Solve |5x + 3| ≥ 2x + 7: Absolute Value Inequality Analysis

Given:

$\left|5x + 3\right| \geq 2x + 7$

Which of the following statements is necessarily true?

Consider the inequality: $\left|5x + 3\right| \geq 2x + 7$ .

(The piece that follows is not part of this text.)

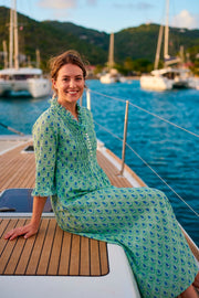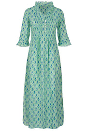 Cotton Annabel Maxi Dress in Green & Blue Vine

This inequality divides into two cases:

(1) $5x + 3 \geq 2x + 7$ and (2) $5x + 3 \leq -(2x + 7)$ .

For inequality (1):

$5x + 3 \geq 2x + 7$

Subtract $2x$ from both sides:

$3x + 3 \geq 7$

Subtract 3 from both sides:

$3x \geq 4$

Divide both sides by 3:

$x \geq \frac{4}{3}$

For inequality (2):

$5x + 3 \leq -2x - 7$

Add $2x$ to both sides:

$7x + 3 \leq -7$

Subtract 3 from both sides:

$7x \leq -10$

Divide both sides by 7:

$x \leq -\frac{10}{7}$

The solution sets are $x \geq \frac{4}{3}$ and $x \leq -\frac{10}{7}$ .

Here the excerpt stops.